You will receive a corpus of paper abstracts retrieved for this gene. This is your ONLY source.
No external database summaries are provided — do not reference UniProt, OMIM, or other databases;
ground every claim in an abstract from the corpus.

YOUR TASK: Read the abstracts. Extract only findings where a direct experiment established
something about HOW this protein works. Ignore everything else.

INCLUDE as a Discovery:
  - Identification of a substrate, binding partner, or complex (Co-IP, pulldown, reconstitution)
  - Enzymatic activity or catalytic mechanism (in vitro assay, active-site mutagenesis)
  - Structure (crystal, cryo-EM, NMR with functional validation)
  - Pathway position via genetic epistasis (suppressor screen, double-mutant rescue)
  - Post-translational modification with identified writer/eraser/reader
  - Subcellular localization determined by direct experiment (live imaging, FRAP,
    fractionation) — especially when tied to a functional consequence
  - Defined role in a cellular process (cell division, migration, signaling, actin regulation,
    etc.) established by loss-of-function with a specific phenotypic readout

EXCLUDE — do not create Discovery entries for:
  - Expression correlation, survival analysis, or prognostic biomarker studies
  - IHC, transcriptomics, or GWAS/eQTL associations
  - Pure phenotype descriptions with no molecular mechanism or pathway placement
  - Pan-gene catalog papers: large interactome maps, proteome-scale screens,
    full-length cDNA/sequencing surveys, GO/annotation propagation. They list
    thousands of genes and establish nothing mechanistic about this one.
  - Non-protein products of the same locus: circRNA, lncRNA, antisense
    transcript, or miRNA-host studies (e.g. circ-FAM169A, MYH7B-as1). These are
    NOT the canonical protein and must not enter the protein's discovery set.
  - Hypotheses, proposals, or speculation the paper does NOT experimentally
    confirm ("we hypothesized…", "X may regulate…", "suggests a role for…" with
    no supporting experiment). A proposed-but-untested claim is not a discovery.
  - Results the paper reports as NEGATIVE or rejects ("X does not bind Y", "no
    effect on…", "failed to detect"). Never flip a negative result into a
    positive discovery. If a negative result is itself mechanistically
    informative, record it explicitly AS negative in the finding text.

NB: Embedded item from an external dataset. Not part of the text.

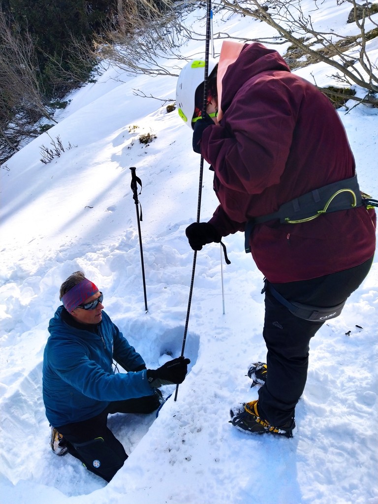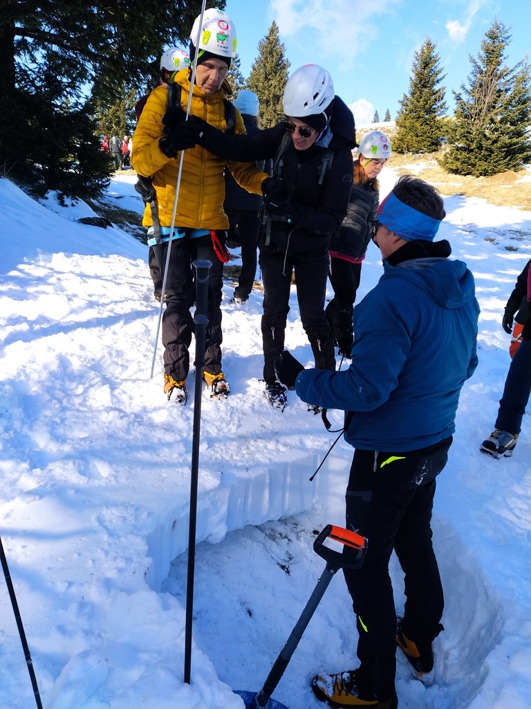 »Na prvi postaji so nam predstavili lavinske žolne, s katerimi iščemo ponesrečene pod plazom. Tudi sami smo lahko poskusili iskati s pomočjo spremljevalca, saj nam naprava na ekranu prikazuje metre in centimetre oddaljenosti od ponesrečenca. Na naslednji postaji smo spoznavali različne dereze, kako jih namestiti, kako jih uporabiti in predvsem, kako hoditi z njimi. Na malo strmejšem pobočju so nam prikazali, kako ravnati v primeru zdrsa, kako uporabiti cepin in kako se ob zdrsu na hitro obrniti v najbolj primeren položaj. Slepi smo se ulegli na sneg, saj nam je na ta način bilo najlažje predstaviti pravilen položaj in način uporabe cepina.

Many papers in the corpus will be irrelevant — skip them silently.

EPISTEMIC STATUS: extract only what an experiment ESTABLISHED. Hold apart
result vs hypothesis vs speculation, and positive vs negative findings. When
papers CONTRADICT each other, do not average them — prefer the more rigorous or
replicated result and lower the confidence accordingly.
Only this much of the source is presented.